On Fri, 2015-01-30 at 14:56 +0100, Florian Weimer wrote:
> On 12/15/2014 11:38 AM, Torvald Riegel wrote:
> > On Mon, 2014-12-15 at 09:52 +0100, Florian Weimer wrote:
> >> On 12/12/2014 05:17 PM, OndÅej BÃlka wrote:
> >>> On Fri, Dec 12, 2014 at 10:50:19AM +0100, Florian Weimer wrote:
> >>>> On 12/11/2014 03:11 PM, OndÅej BÃlka wrote:
> >>>>
> >>>>> Yes, I wrote that from head so I forgot volatile/asm barrier. One could
> >>>>> add requirement like needs to be compiled by gcc4-6+ instead pure C as
> >>>>> just using signals is not part of C standard.
> >>>>
> >>>> GCC emulates atomics with locks on some platforms, or some lock-free
> >>>> instruction sequences may not be reentrant.  This begins to look
> >>>> like a can of worms, unfortunately.
> >>>>
> >>> It uses only thread local variable.
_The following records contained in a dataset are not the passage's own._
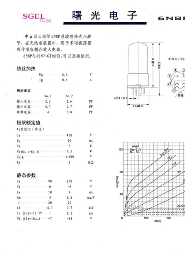 6SN7GT радиолампа, симметричный двойной триод - поздняя версия и точный эквивалент лампы 6SN7, которая широко используется с 40х годов. В последствии она была заменена более «современными» лампами, которые имели меньшие габариты и были менее склонны к шуму. Однако, к концу 90-х годов 6SN7, на волне всплеска HiFi аудио возвращается на рынок благодаря богатому, теплому, "классическому" ламповому звуку. Популярны до сих пор, как усилители для наушников и в входных каскадах усилителей мощности.
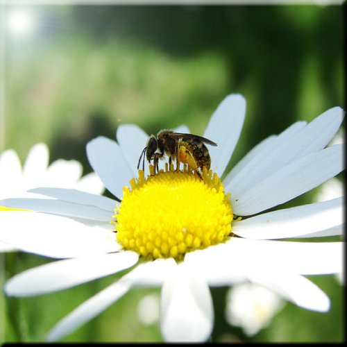 Rikki Knight RK-12intilec-9109 12" X 12" Bee on White Daisy Design Ceramic Art Tile
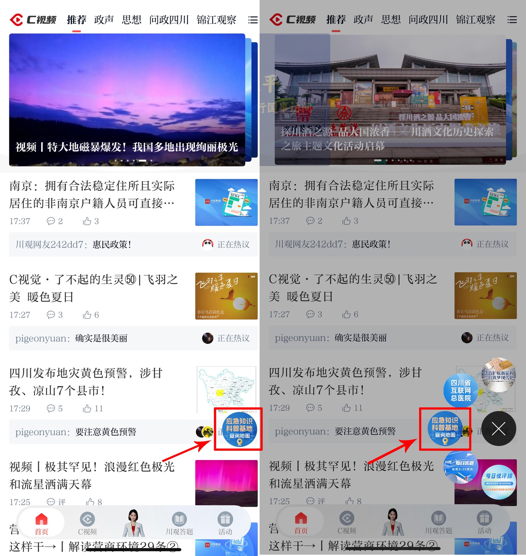 在川观新闻首页,点击右下方悬浮球,找到“应急知识科普基地查询地图”,点击进入活动页面;

If they are not reentrant its
> >>> gigantic hole, you could not for example use sigaction as it could
> >>> set errno which is thread local variable.
> >>
> >> Sorry, what I'm trying to say is that atomics are not specified as 
> >> async-signal-safe
> > 
> > That's not correct in general.  My TLDR reply would be that all atomic
> > operations that claim to be lock-free are also async-signal-safe (see
> > GCC's __atomic_always_lock_free and the related C11/C++11 functions).  
> 
> That's not what C11 says.  I have reviewed this area of the standard
> several times, and I do believe it's unspecified in the sense that the
> standard intends to say something about it, but doesn't actually do so.
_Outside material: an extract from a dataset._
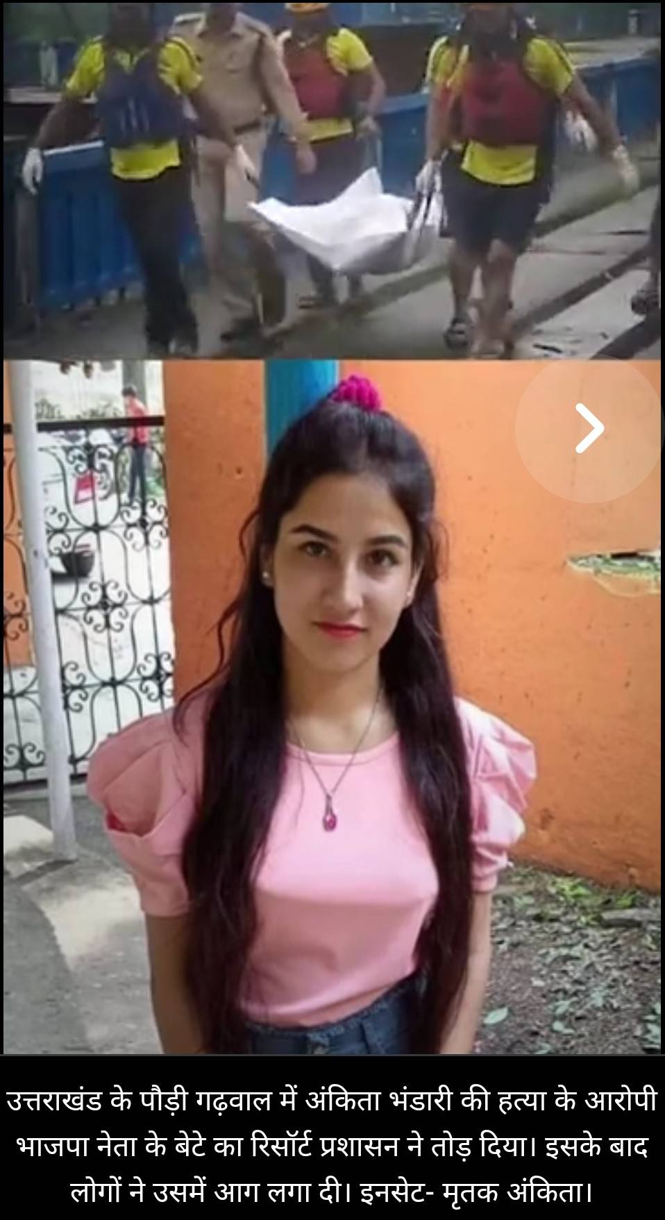 19 साल की अंकिता भंडारी पौड़ी गढ़वाल जिले के यमकेश्वर विधानसभा इलाके के रिजॉर्ट में रिसेप्शनिस्ट थी. रिजॉर्ट भाजपा के बड़े नेता विनोद आर्य का है,जिसका संचालन उनका छोटा बेटा पुलकित आर्य करता था.वहीं विनोद आर्य का बड़ा बेटा अंकित आर्य भाजपा सरकार में पिछड़ा वर्ग आयोग का उपाध्यक्ष था,जिसकी धामी सरकार ने आज आयोग से छुट्टी कर दी. भाजपा ने भी मुख्य आरोपित पुलकित आर्य के पिता विनोद आर्य और उसके भाई अंकित आर्य को पार्टी से निष्कासित कर दिया है.

So let me give a more detailed answer :)  First, I agree that C11
doesn't say this specifically.

Nonetheless, if an atomic type claims that operations on it will always
be lock-free, then this means that they are also address-free (I know
that C++11 requires this, but don't have the citation handy; I'm not
100% sure whether C11 states the same, but the intent is for C11 to have
the same model as C++11).

If something is address-free and lock-free, the most likely
implementation is actually one backed by atomic HW instructions -- which
we can expect to be nonblocking/obstruction-free, in practice.  They
should also be reentrant, so overall async-signal-safe.  (I'm saying the
latter because while not specified in the standards, the current state
of discussion in ISO C++ SG1 (including the ISO C liaison person)
indicates that nobody sees an issue with allowing atomic operations in
signal handlers.)
The only other implementation I can think of right now is if you embed a
lock in the atomic type and make sufficient alignment requirements for
this type so that whenever it is mapped somewhere else, both the
internal lock and the actual value of the atomic type will be on the
same page.
Even though locks are blocking synchronization, the C11 implementation
would have to make the atomic type behave as if it would be lock-free.
That can either happen by relying on certain OS scheduler properties
(e.g., a round-robin scheduler and no crashes in the implementation of
the atomic type), or by making the particular lock integrated with the
scheduler (e.g., if on something like greenthreads, when blocked in lock
acquisition yield eventually so that other greenthreads run).
But if we expect signal handlers to run atomics and not violate their
lock-free properties, this implementation would have to guarantee the
same for the scheduling properties of signal handlers, which do suspend
the interrupted thread; thus, in the end, it would have to work in the
reentrant case too.
(Note that the latter case isn't well specified, because this overlaps
with the forward progress requirements the standard makes (which are
underspecified); but I'm working on this, see C++ N4156).